The potential of the presented approach for predictive models of range dynamics stems from the statistical framework that dissects species–environment relationships into spatiotemporal population dynamics and environmental response functions of demographic rates. This has the twofold benefit of: (1) inferring species niches from distribution data while accounting for spatiotemporal population dynamics, and (2) producing fully probabilistic forecasts of future range dynamics under environmental change. We are optimistic that such predictive process-based range models will improve forecasts of the impacts of environmental change on biodiversity and will thereby strengthen the scientific basis of conservation planning. By estimating niches and range dynamics from the combination of species distribution data with models founded in ecological theory, the presented framework furthermore strengthens links between biogeography and population biology, theoretical and applied ecology.

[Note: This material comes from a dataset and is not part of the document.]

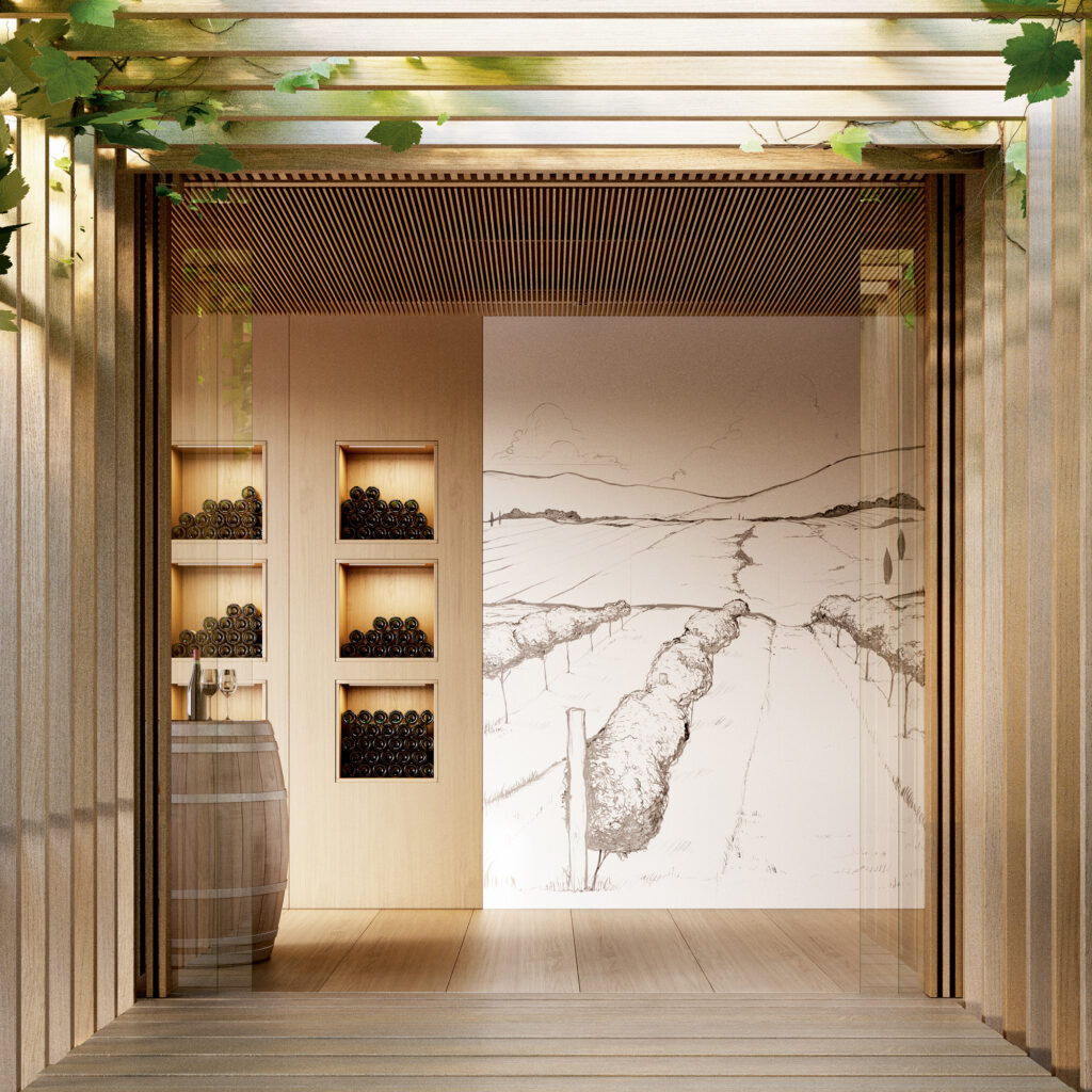 Entre estos viñedos encontramos nuestra bodega, con aire vanguardista sin perder su pasado y su tradición, rodeada de un paisaje incomparable en plena naturaleza.Un espacio en madera, en forma de cubos, sustracciones y vacíos, articulan todo el edificio. Donde la luz se administra mediante aberturas indirectas que la tamizan y hacen que bañe los cubículos de manera amable y tranquila. Entre la tierra y la madera, la interiorista vio la necesidad de contrastar con otros materiales que complementasen y evocasen el lugar donde se ubica esta bodega. Por ello, optó por elementos cerámicos, diseñados y hechos a medida, con su propio sello.

For helpful discussion we thank Wolfgang Cramer as well as Bob O'Hara, Otso Ovaskainen, Barbara Anderson and other members of the UKPopNet (NERC R8-H12-01 and English Nature) working group ‘Bayesian distribution models: dynamics, processes and projections’. We are grateful for comments of two anonymous referees that helped to improve the manuscript. J.P. acknowledges financial support from the University of Potsdam Graduate Initiative on Ecological Modelling (UPGradE), the German Federal Agency for Nature Conservation and the European Commission 7th Framework Programme for the Environment (projects ALARM, GOCE-CT-2003-506675, and CarboExtreme, 226701). F.S. furthermore acknowledges support from the European Union through Marie Curie Transfer of Knowledge Project FEMMES (MTKD-CT-2006-042261).
Jörn Pagel is interested in the modelling of spatial population dynamics and in computational statistical methods to link demographic models to data.
Frank Schurr is interested in developing a mechanistic understanding of how range dynamics arise from demographic processes.